What you write must match, character for character, the lines from the one with "Ngày 14/9/2020, Bộ" down to the one with "이와 함께 조리실 환기설비" in the listing below, minus its pictures.

(Extracted data begins)

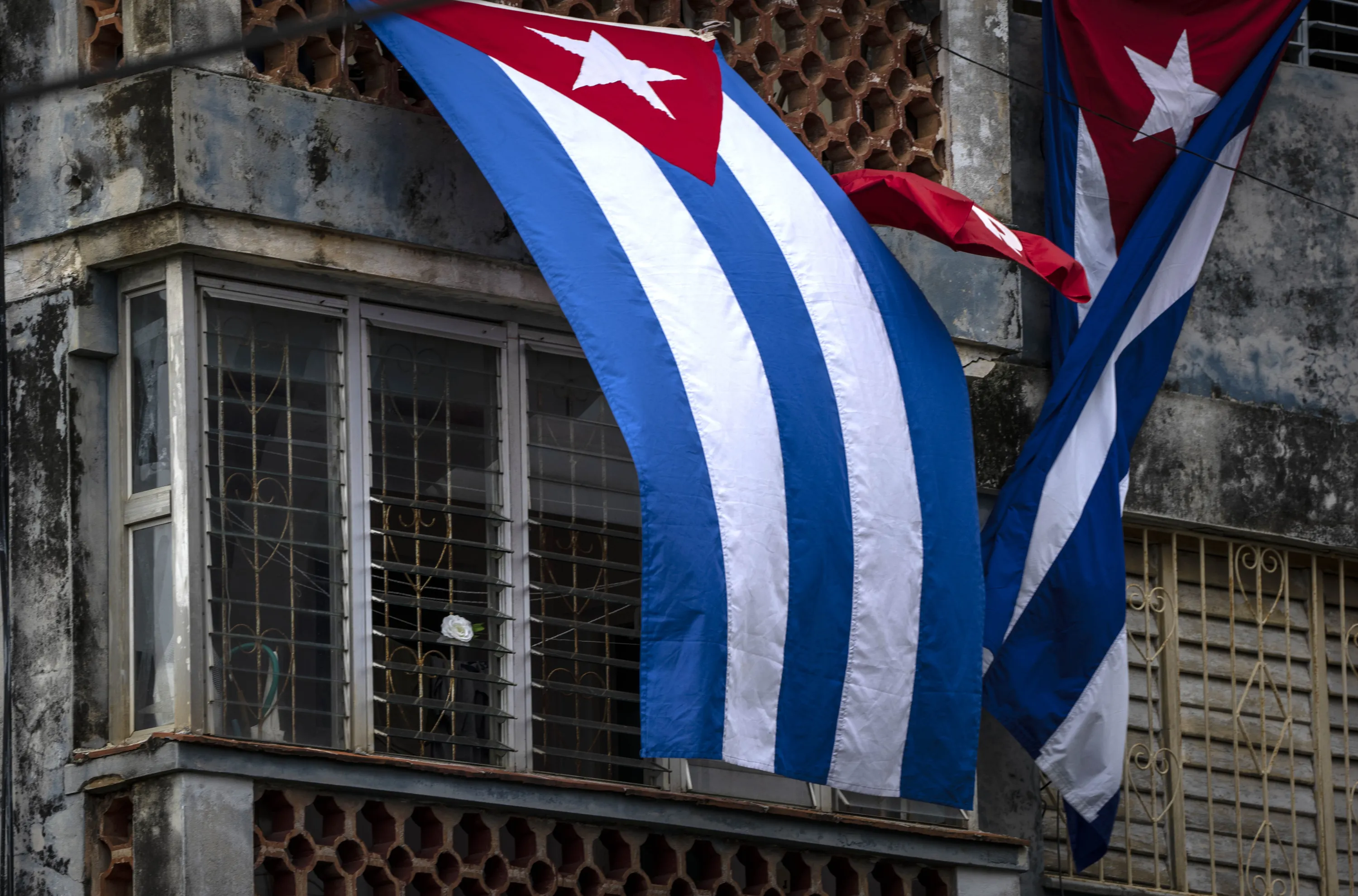Cuban flags drape the windows of the home of Yunior Garcia Aguilera, which block his windows and prevent his communicating with the outside, in Havana, Cuba, Monday, November 15, 2021. Garcia, one of the organizers of a banned opposition march, is a member of the internet debate forum Archipiélago which Cuban authorities considers illegal. (Photo by Ramon Espinosa/AP Photo)
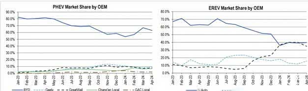 插混和增程市场份额集中,市场份额掌握在少数几个玩家手里。
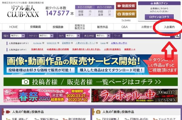 Club-XXXの入会は、トップページ右上の「入会案内」より行います。
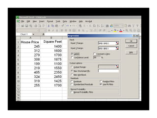 - An example uses home size and price data from 10 houses to generate a linear regression equation predicting that price increases by around $110 for each additional square foot. This model explains 58% of the variation in home prices.
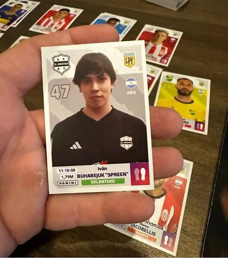 На днях его заметили среди карточек всех игроков чемпионата Аргентины от Panini. Перспективный нападающий.
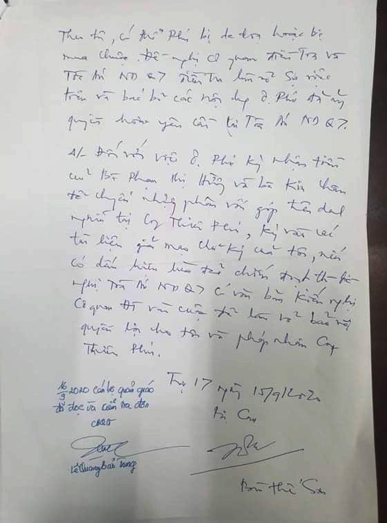 Ngày 14/9/2020, Bộ Công an có văn bản gửi TAND quận 7 cho biết tại hồ sơ thay đổi đăng ký kinh doanh của Thiên Phú, các chữ ký, chữ viết tên “Bùi Thế Sơn” là giả.
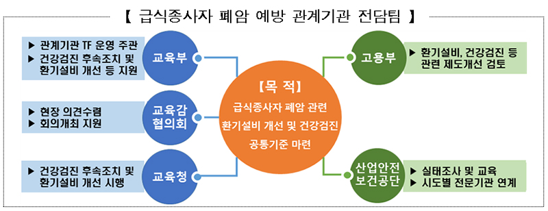 이와 함께 조리실 환기설비 개선 방안 등을 논의하고자 고용부, 전국시도교육감협의회, 시도교육청, 안전보건공단과 함께 ‘학교 급식종사자 폐암 예방 관계기관 전담팀(TF)’을 운영한다.
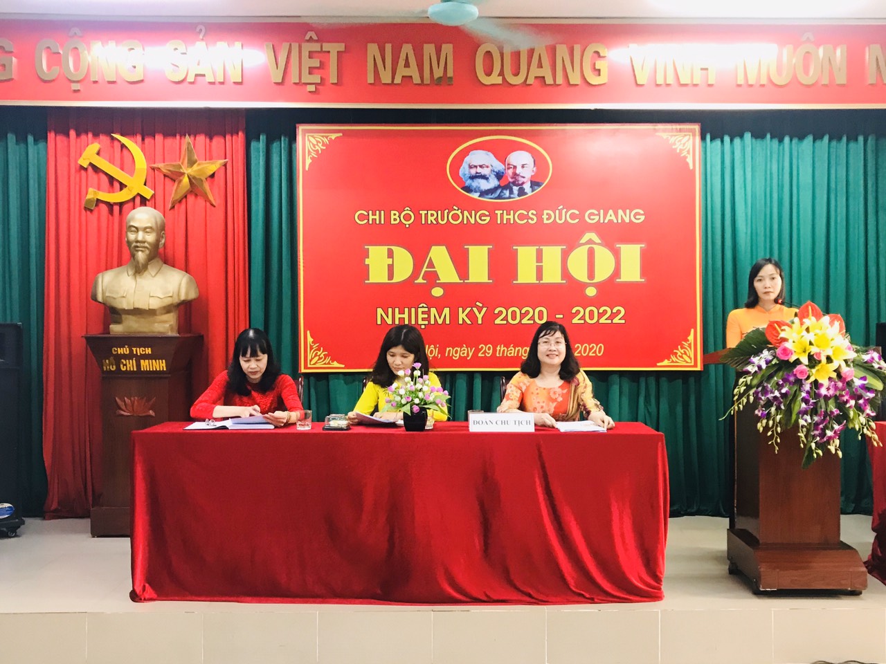 Ngày 29/2/2020, thực hiện Điều lệ Đảng cộng sản Việt Nam; căn cứ Kế hoạch số 162-KH/ĐU ngày 08/8/2019 của đảng ủy phường Đức Giang về tổ chức Đại hội Chi bộ tiến tới Đại hội đại biểu Đảng bộ phường Đức Giang lần thứ XI nhiệm kỳ 2020 – 2025, Chi bộ Trường THCS Đức giang long trọng tổ chức Đại hội chi bộ nhiệm kỳ 2020 - 2022.
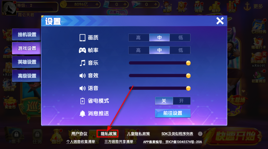 1.打开游戏,进入游戏的主界面,在主界面上方找到“个人信息”
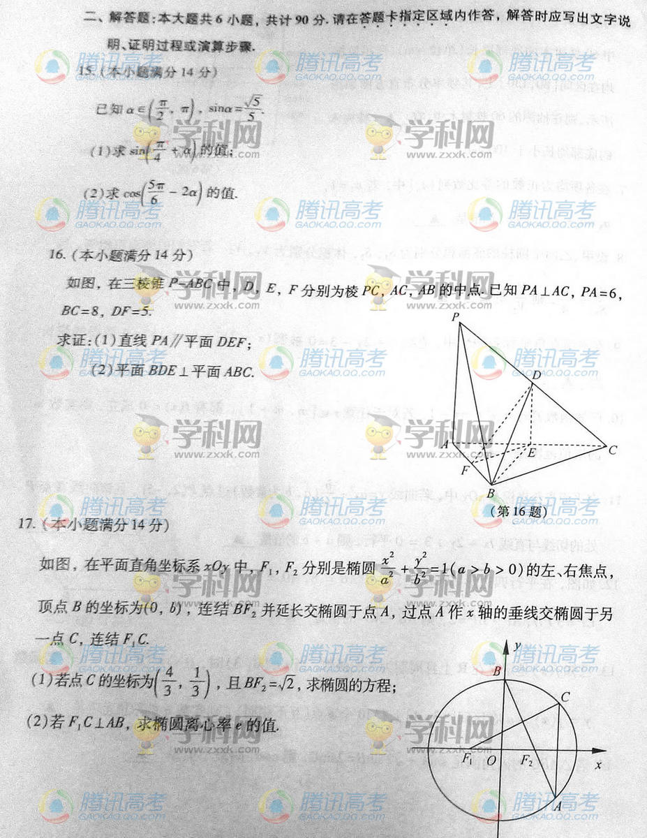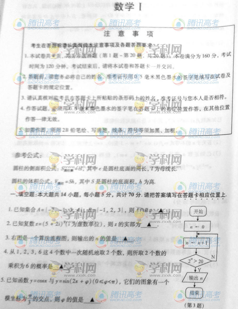 2014江蘇高考數(shù)學試題(騰訊版).docx
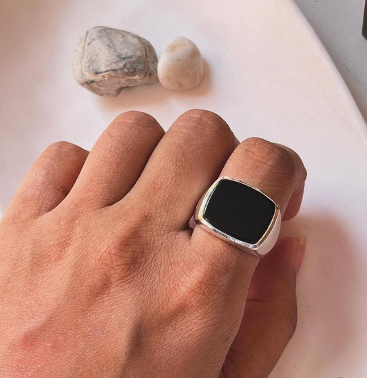 Black Onyx Big Faceted Signet 925 Sterling Silver Ring
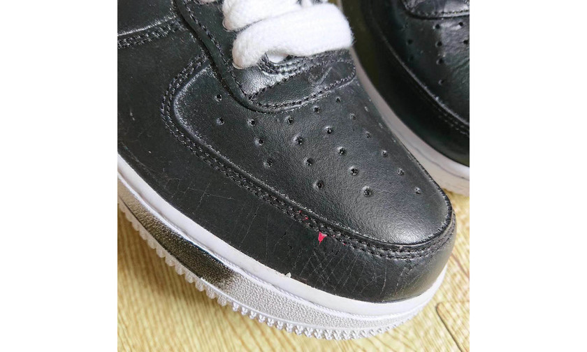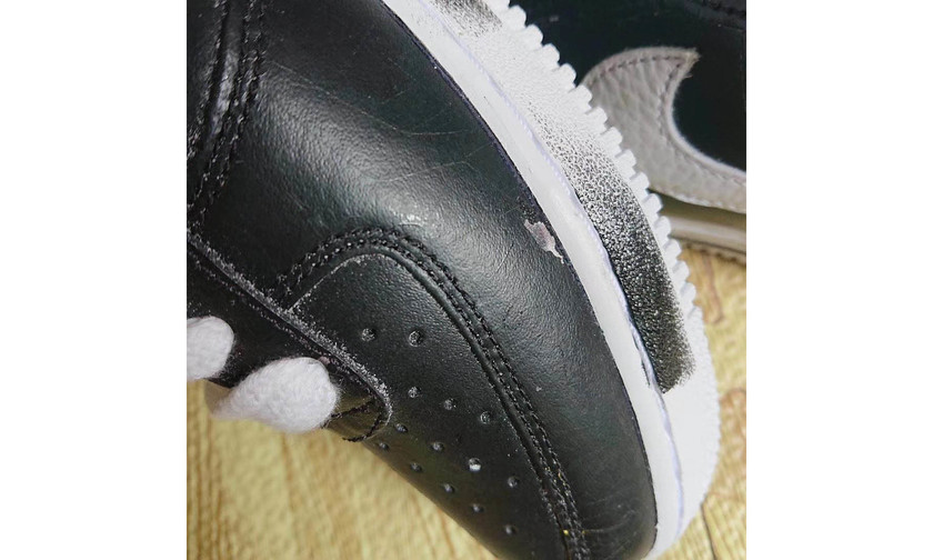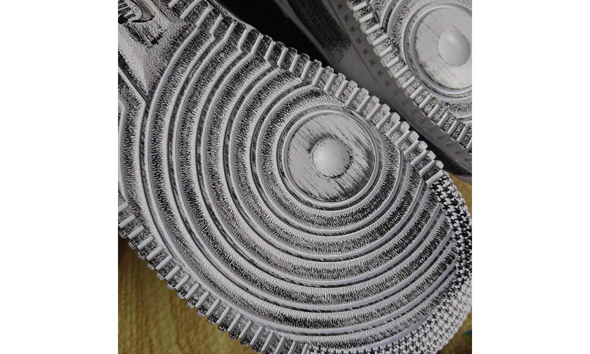 这款 PEACEMINUSONE x Nike Air Force 1 鞋面以黑色呈现,搭配白色 Swoosh 与白色中底,营造出经典复古的氛围。鞋舌上的 PEACEMINUSONE 标志性的菊花以及一抹涂漆颇为抢眼,设计感强烈。而这双联名最大的亮点还是“刮刮乐”设计,刮掉表现的黑色就会看到内里艺术感极强的彩色泼墨。
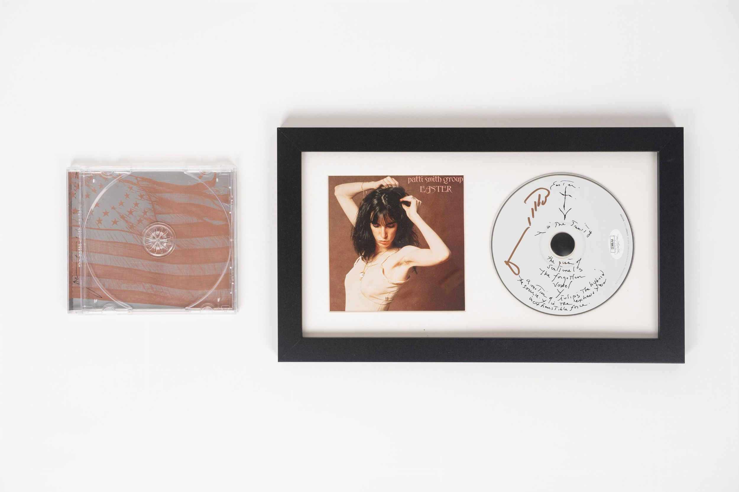 Cd “Easter” autografato da Patti Smith, incorniciato e con autentica della JSA. L'album 'Easter' di Patti Smith è stato pubblicato nel 1978 ed è il terzo album in studio della cantautrice statunitense. È considerato uno dei suoi lavori più significativi ed è stato accolto positivamente sia dalla critica che dal pubblico. L'album include canzoni iconiche come 'Because the Night', scritta in collaborazione con Bruce Springsteen, e 'Easter', che riflette il carattere poetico e politicamente impegnato di Smith. 'Easter' ha contribuito a consolidare la reputazione di Patti Smith come una delle figure più influenti nella storia della musica rock.
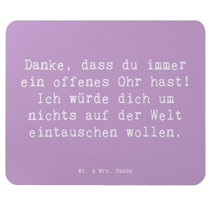 Das Mauspad ist mit dem Slogan "Danke, dass du immer ein offenes Ohr hast! Ich würde dich um nichts auf der Welt eintauschen wollen." bedruckt, was es zu einem ganz besonderen Gegenstand macht, der deine Wertschätzung perfekt ausdrückt. Die hochwertige Arbeitsweise von Mr. & Mrs. Panda zeigt sich in jedem Detail: Das Mauspad ist aus hochwertigem Zellkautschuk gefertigt, das in Deutschland hergestellt wird. Es bietet nicht nur eine angenehme Oberfläche für deine Maus, sondern ist auch ergonomisch gestaltet, um dein Handgelenk zu schonen.

(Extracted data ends)

#### Result of the exercise
 Ngày 14/9/2020, Bộ Công an có văn bản gửi TAND quận 7 cho biết tại hồ sơ thay đổi đăng ký kinh doanh của Thiên Phú, các chữ ký, chữ viết tên “Bùi Thế Sơn” là giả.
 이와 함께 조리실 환기설비 개선 방안 등을 논의하고자 고용부, 전국시도교육감협의회, 시도교육청, 안전보건공단과 함께 ‘학교 급식종사자 폐암 예방 관계기관 전담팀(TF)’을 운영한다.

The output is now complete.